A limitation of this study is the potential impact of a small sample size on the likelihood of observing an infrequent infection such as JE (clinical or subclinical) in travelers. A further limitation is the generalizability of the findings from a travel-clinic attendee cohort who may be different to general travelers. Data were also incomplete for the travelers who did not complete the study. Although unlikely, it is also possible that some seroconversions were missed given the timing of the second bleed (day 10).
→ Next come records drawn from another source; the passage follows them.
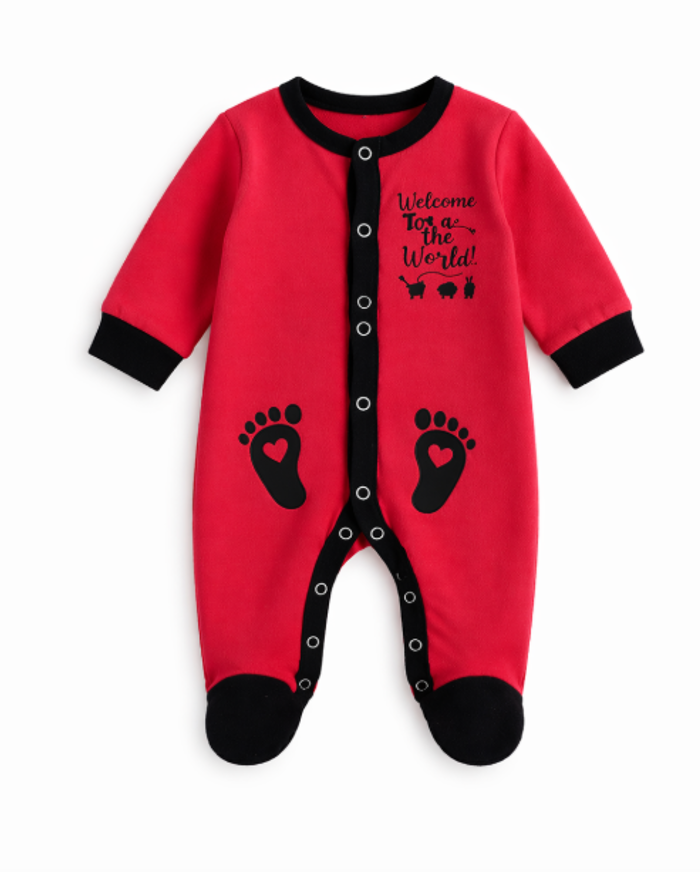 Designul practic cu capse pe toată lungimea permite îmbrăcarea rapidă și schimbarea ușoară a scutecului, fără disconfort pentru copil. Modelele sunt decorate cu imprimeuri adorabile – ursuleți, panda și mesaje vesele – perfecte pentru un look modern și jucăuș.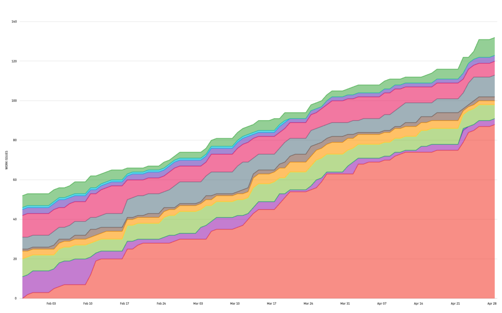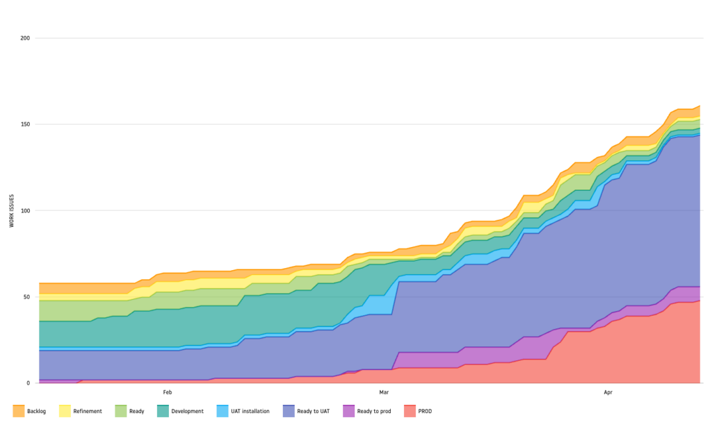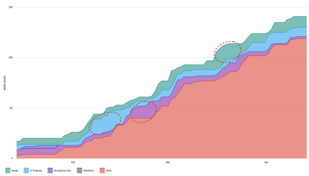 Si une étape voit sa bande gonfler, cela signifie que les tâches s’y entassent. Exemple : si la bande « Ready to UAT » s’épaissit, cela indique que les tickets mettent du temps à être testés, soit en raison d’un problème de priorisation, une mauvaise gestion des limites de WIP par rapport à la capacité à faire de l’équipe ou des blocages empêchant les tickets d’avancer.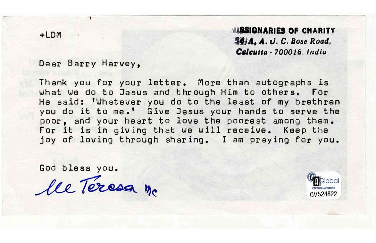 Mother Teresa typed letter signed ''M Teresa MC [Missionaries of Charity].'' In part, ''...Thank you for your letter. More than autographs is what we do to Jesus and through Him to others. For He said: 'Whatever you do to the least of my brethren you do it to me.' Give Jesus your hands to serve the poor, and your heart to love the poorest among them. For it is in giving that we will receive. Keep the joy of loving through sharing. I am praying for you...'' 6.5'' x 3.5'' page is in very good condition with a GAI sticker to lower right.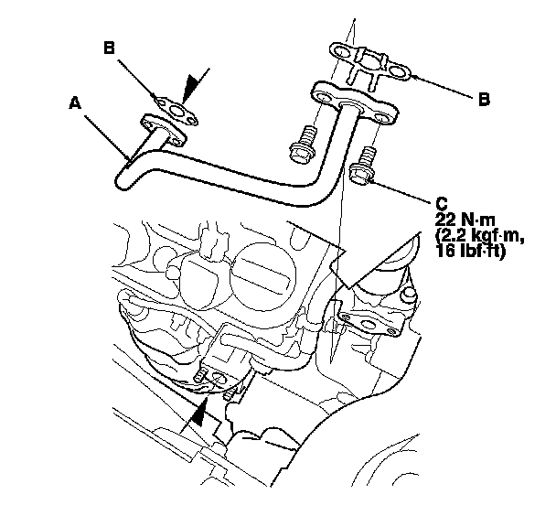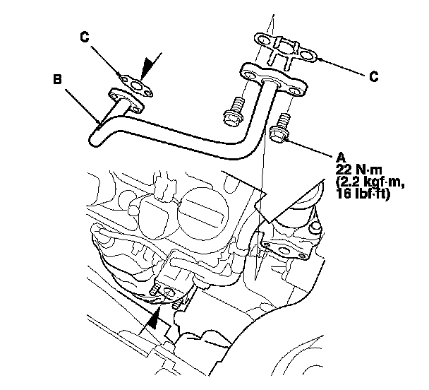1. Set the EGR pipe (A) with new gaskets (B), and tighten the EGR pipe mounting bolts (C).

Several considerations relating to risk factors for infection, adverse effects and costs of vaccine, and individual personal preference regarding vaccination, need to be considered when discussing indications for or against vaccination. The threshold for JE vaccination is generally still based on historical risk-benefit considerations that may no longer be valid now as we have a safer vaccine. However, the absence of any cases or seroconversions for JE supports the current advice against vaccination for short-term travelers to JE endemic countries who will engage in low-risk activities, and provides novel quantitative risk data which can be used as a basis for recommendations.


This study was funded by an investigator initiated unrestricted grant from Sanofi-Pasteur.

Declaration of Interests

C. L. is an employee of Sanofi-Pasteur. J. T. has received a speaking honoraria from Sanofi-Pasteur. The other authors state they have no conflicts of interest to declare.